Pourquoi le nouveau dirigeant de la Syrie se présente désormais sous son nom de naissance, al-Chareh, à la place d'al-Joulani

Le leader syrien a passé des années sous un pseudonyme, Abou Mohammed al-Joulani, qu'il avait adopté lorsqu'il a pris les armes avec les jihadistes au début des années 2000.
Article rédigé par Clémentine Sabrié
Radio France
Publié
Temps de lecture : 4min
Ahmed al-Chareh (au centre) lors d'une rencontre avec le ministre des Affaires étrangères ukrainiens, le 30 décembre, à Damas, en Syrie. (BAKR ALKASEM / AFP)

C'est le nouvel homme fort de la Syrie post-Bachar al Assad : Ahmad al-Chareh ou, comme il se faisait encore appeler jusqu'à récemment, Abou Mohammed al-Joulani. Le nouveau dirigeant se présente depuis le 5 décembre sous son nom de naissance, qu'il avait abandonné en prenant les armes avec les jihadistes au début des années 2000. Un changement de nom symbolique pour un leader en quête de respectabilité et de légitimité sur la scène internationale.

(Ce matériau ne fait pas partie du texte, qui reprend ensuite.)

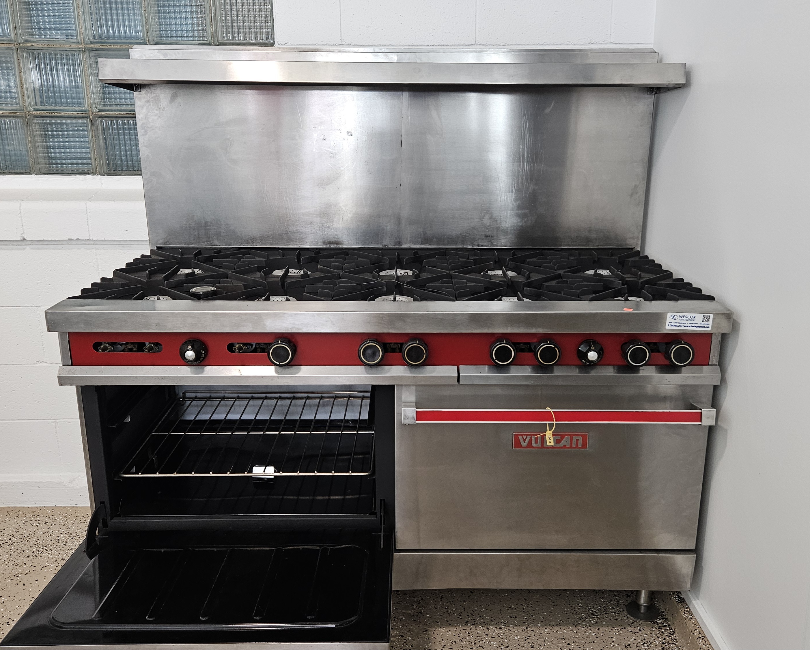 REFURBISHED...60" Natural gas Vulcan 10 burner range with two regular ovens, high back splash with shelf.

Un changement de nom quand il s'engage aux côtés d'Al-Qaïda en Irak

Né en 1982, Ahmed al-Chareh a grandi à Mazzé, un quartier de Damas. Après avoir tenté des études de médecine et d'arabe littéraire, il s'engage aux côtés d'Al-Qaïda en Irak, en 2003, au début de la guerre d'Irak. C'est à ce moment-là qu'il change de nom, en adoptant une "kunya". Ce procédé traditionnel de la culture arabe consiste à se nommer comme "père de" (abou) ou "mère de" (oumm), en ajoutant le nom de son enfant. Il est aussi utilisé par les personnes souhaitant entrer dans la clandestinité, comme les jihadistes. La kunya sert alors de nom de guerre, souvent choisi en référence à un lieu ou à un personnage historique.

Un nom de guerre en référence au plateau du Golan

Ahmad al-Chareh choisit alors de s'appeler Abou Mohammed al-Joulani, ce qui signifie "du Golan". Un nom de guerre en référence à ce plateau syrien dont sa famille a été chassée, en 1967, quand Israël a conquis la région, expliquait-il dans une interview donnée à la chaîne américaine PBS, en 2021.

En changeant de nom, il acte donc son entrée dans la mouvance jihadiste. Il le gardera au fil de ses changements de groupes islamistes, passant d'Al-Qaïda à l'organisation État islamique, puis au Front al-Nosra et au Front Fatah al-Cham, avant de fonder le mouvement Hayat Tahir al-Sham (HTS), en 2017. Cette nouvelle organisation est à l'origine de l'offensive rebelle qui a conduit à la chute de Bachar al-Assad en douze jours.

Le 5 décembre, alors qu'un gouvernement de transition est nommé par HTS en Syrie, Abou Mohammed al-Joulani abandonne son identité clandestine jihadiste : il signe un message sur Telegram "commandant Ahmed al-Chareh".

Un abandon affiché de l'identité jihadiste

Réaliste selon ses partisans, opportuniste selon ses adversaires, Ahmed al-Chareh tente de lisser son image et de présenter un visage plus modéré. "De ce que nous pouvons voir, c'est une personne véritablement changée", estime Shiraz Maher, un expert de l'extrémisme islamiste à l'université King's College de Londres, auprès de The Guardian"Il a fait tout un cheminement et, à Idleb, il a développé une théologie pragmatique", poursuit-il. Le nouveau dirigeant syrien a, par exemple, déclaré vouloir œuvrer à la protection des minorités, appelant à "coexister ensemble".

L'abandon de son nom de jihadiste va de pair avec une transformation physique. Alors qu'il se présentait en habits militaires, turban blanc sur la tête et longue barbe, lors d'une de ses premières apparitions télévisées, en 2016, c'est en chemise kaki, tête découverte et barbe taillée, qu'Ahmad al-Chareh apparaît dans une interview à CNN, le 6 décembre, juste avant la prise de contrôle de Damas par les rebelles islamistes. Dans cette interview, il justifie ainsi son évolution : "Une personne dans la vingtaine aura une personnalité différente de celle d’une personne dans la trentaine ou la quarantaine, et certainement d’une personne dans la cinquantaine. C’est la nature humaine." Depuis la chute du régime de Bassar al-Assad, Ahmad al-Chareh a peu à peu troqué la chemise militaire kaki pour une tenue civile. Sur la chaîne saoudienne Al-Arabiya, le 29 décembre, le dirigeant porte un costume cravate avec une barbe plus courte.